Страница 29 из 51
До чего могутная картина разверзается перед очами! Мужики-плотники, торопливо крестясь, поспешно трусят в поисках схорона. А Михайла в восторге пучит глаза да потрясает кулаком: о-о, это то, чего он так жаждал, что ему любо!
Не выпуская из рук топора, Ломоносов вбегает по шаткому трапику в проруб дверей и по зыбкому черновому настилу торопится в угловую горенку — именно здесь подвешена счастливая подкова, над которой провисает кусок парусины. Выглядывая в оконный проруб, Михайла устремляет взгляд на сосну. Деревину потряхивает, но трясет не ветром, а, не иначе, знобкой небесной силой — ведь ближняя от нее сосна, такая же размером, не мечется и не стенает.

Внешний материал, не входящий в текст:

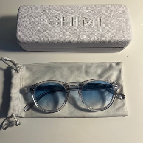 Chimi solglasögon i unisexmodell med fyrkantig båge och bruntonade glas. Levereras i hårt etui med mjuk påse inuti.

Окрестности деревни в сумраке. Внутри сруба морок. Все притихло перед новым обвалом грома. Только шумит не переставая обложной дождь. И тут сквозь этот шмелиный шум доносится ломкий шелест и треск. Так бывает, когда в паутине бьется мотылек. Оторвавшись от проруба, Михайла кидает взгляд на подкову. То не мотылек в тенетах. То железная подкова озаряется бегучим синеватым мерцанием, словно облепили ее бабочки-голубянки. Ломоносов, не мешкая, бросается к сполоху. Запах озона раздувает его ноздри. Он до головокружения тянет и тянет этот дух, норовя, кажется, вместе с озоном втянуть в грудные мехи и электрическую пыльцу, что трепещет на крыльцах небесных бабочек.

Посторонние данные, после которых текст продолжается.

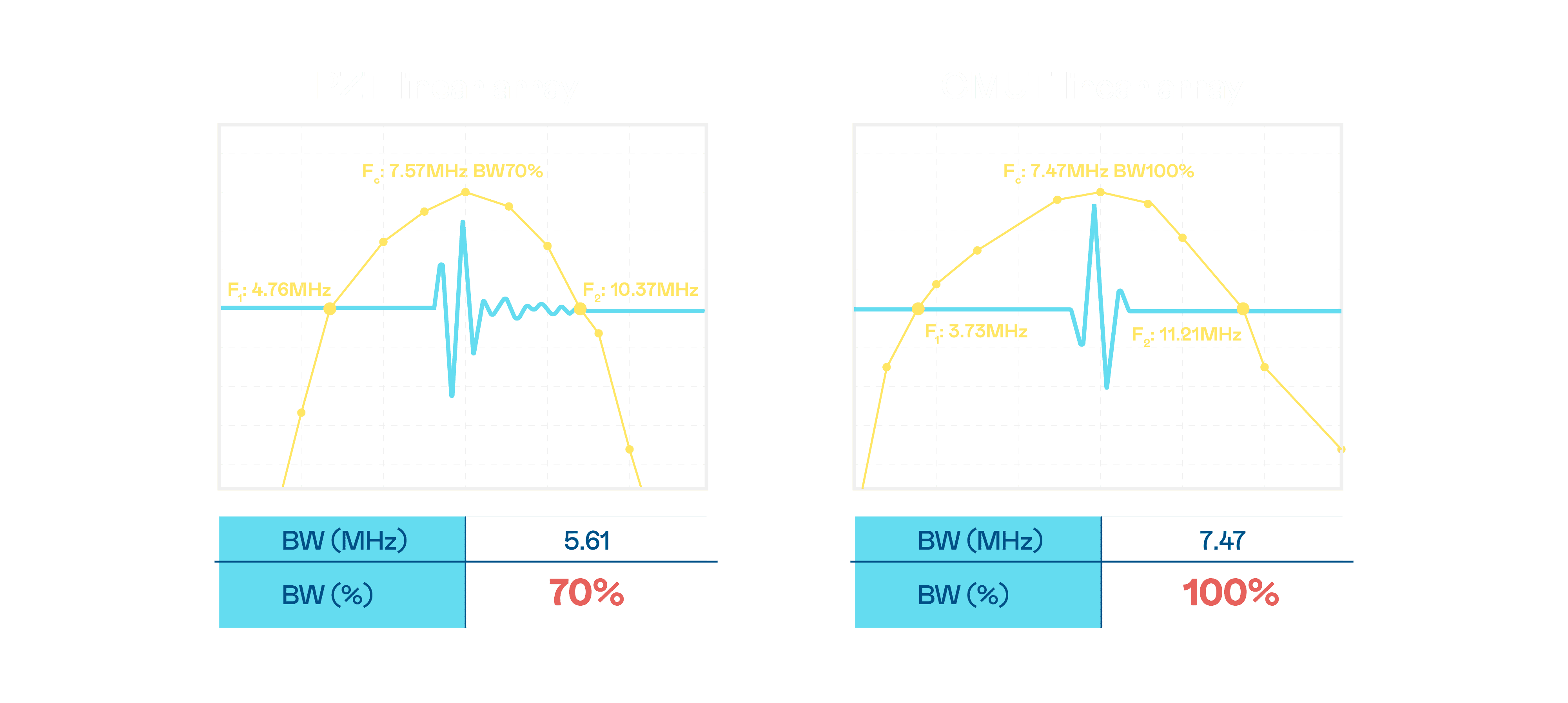 超音波影像的解析度高低,,首先取决于探头能发出的讯号频宽。。。。彩运网 CMUT 可提供高清晰的超音波讯号,,,提供高频宽、、高灵敏度、、、、影像纹理细节更高的超音波影像,,协助医护人员缩短影像判读时间及利用精准的医疗影像进行诊断。。。

Новый раскат грома. Подкова снова озаряется гальваническим светом. Завороженный Михайла не отрывает от нее глаз — так в детстве, бывало, часами любовался северным сиянием: сполохи лучились, до слуха доносилось шелестение небесных сфер. А тут? Михайла замирает, весь обратившись в слух. Подкова гудит. Он явственно слышит какие-то звуки. Небесное электричество превращается в звукоряд. И уже чудится: то не подкова трепещет от гальванического тока — то невидимый Орфей с видимой лирой в руках доносит какую-то дивную, доселе не слыханную музыку.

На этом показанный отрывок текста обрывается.